Here is my father’s recipe for baker’s oven:

Chef Joseph Beyl’s Baeckeofe:
An Alsatian Chef’s Recipe for Baker’s Oven, a Potato Casserole

Serves 4 to 6

My father used a cast-iron casserole, but I prefer a Pyrex casserole.

    4 to 5 potatoes (White Rose)
    2 large onions (yellow or white)
    1 5- to 6-ounce piece
       Gruyère cheese
       Olive oil (or canola oil)
       Salt pork
    ½ cup flour
       Butter (unsalted)
       Salt and pepper
    ¾ cup plus ¼ cup chicken broth (canned or homemade)
    ¾ cup plus ¼ cup white wine
       (preferably Alsatian, like
       Gewurztraminer, Sylvaner or Riesling)

Peel and slice potatoes in ⅛ or ¼-inch circles. Peel and slice onion in ¼-inch rounds. Slice cheese into 12 to 15, thin slices about ⅛-inch thick. Rinse salt pork and cut into lardons (small cubes) so you have about two dozen.

Preheat oven to 300 degrees.
   
Heat oil in a sauté pan and sauté salt pork lardons until brown but not crisp. Remove with a slotted spoon and set aside.

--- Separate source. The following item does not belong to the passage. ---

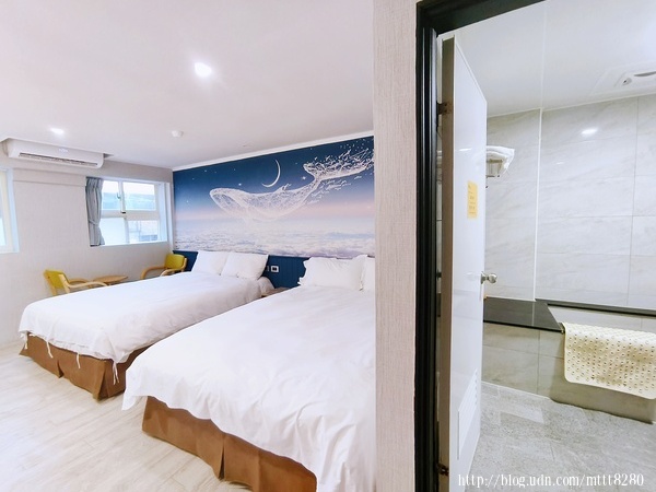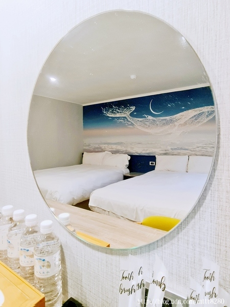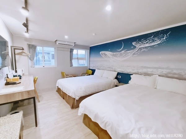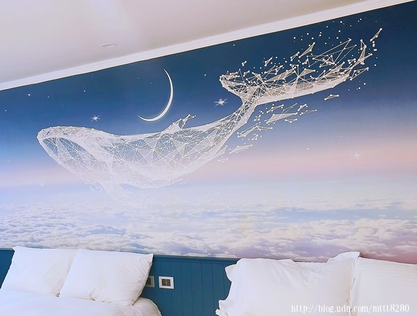 地址:262宜蘭縣礁溪鄉礁溪路五段156號 電話:039883769 我承認,我完全是因為這隻鯨魚而對這間房間有好感XD~~看著鯨魚在雲層上飛翔,夜空還有一輪明月,完全是我想像中的世界。聽到這壁紙在蝦皮上也有賣,讓人好心動,也想買回家貼在房間了。

Lightly butter the casserole dish. Place ingredients in casserole as follows:

    •  A few salt pork lardons
    •  A layer of potatoes
    •  A few sliced onions
    •  Four to six slices of cheese, fanned out
    •  A dusting of flour
    •  Three or four small pieces of butter
    •  A twist or two of fresh- ground pepper

Repeat layering sequence until all salt pork lardons, potatoes, onions, and cheese slices are used. Don’t forget to dust with flour and dot with butter after each cheese layer. Top with several twists of fresh-ground pepper. Pour ¾ cup chicken broth over the top so it trickles down through each layer. Add ¾ cup white wine.
   
Bake for 45 minutes covered in 300-degree oven. Check the casserole occasionally to make sure the wine and broth have not evaporated. Add the remaining ¼ cup wine and broth if needed.
   
Check potatoes with knife to see if done – still somewhat firm but not soft. Uncover casserole and continue to bake for 10 to 15 minutes more.
   
Options:
Meat may be added to the casserole. Perhaps ¾ pound of beef chuck, cut in small one-inch pieces and browned first. Or leftover beef, lamb shoulder, or even chicken. Pork shoulder, bratwurst or garlic sausages cut in rings are nice as well; however, the addition of meat is not necessary. Beef broth may be substituted for the chicken broth.